If by empire, the motion-makers meant the extension of British power outside Europe, then the monarchy played singularly little role in the process. And understandably so. For dynastic, power-political and religious reasons, English, Scottish and British monarchs were primarily concerned with the British Isles and Continental Europe. Indeed, there was frequent complaint about a focus on wars on the Continent rather than looking for prospects outside Europe. It was no accident that the major British expedition to the Caribbean in the seventeenth century, the Western Design that led to the seizure of Jamaica, was mounted not by James I and Charles, neither of which had wished to offend Spain, but rather Oliver Cromwell. William III, who came to the throne in 1689, focused on resisting Louis XIV of France on the Continent as did the Whig government under Queen Anne. George I and George II were more concerned about Hanover than empire.
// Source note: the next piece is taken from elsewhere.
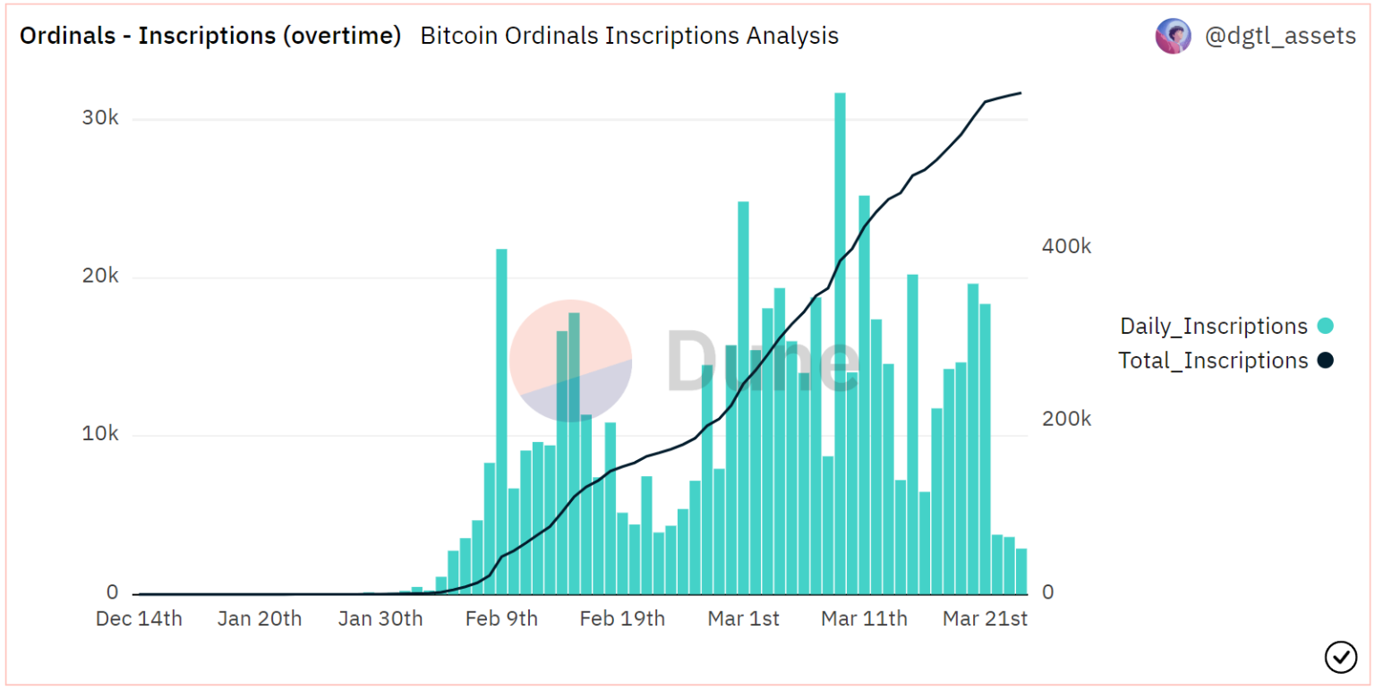 Dune dashboard from data analyst dgtl_assets shows that the Ordinals inscription activity remains robust, with nearly 580,000 NFTs inscribed in less than three months.

By the time imperial expansion was to the fore, the monarchy was less potent, first in George III’s later years, and then under George IV. Thereafter, it was clearly a case of parliamentary-accountable ministries that was to the fore rather than the Crown, and notably so through the long years of imperial expansion. Under these circumstances, it is bizarre in the extreme to focus criticism of empire on the Crown. Instead, it has been successive monarchs over the last 150 years who, alongside ministries at home and abroad, have helped take empire into the more democratic forms of Dominions and Commonwealth. In the age of modern empires, the British empire has been particularly ready to make the transition to democratic rule, an example to which the role of monarchy within Britain owes much. It is a great pity that most recent and contemporary empires have lacked or lack that willingness.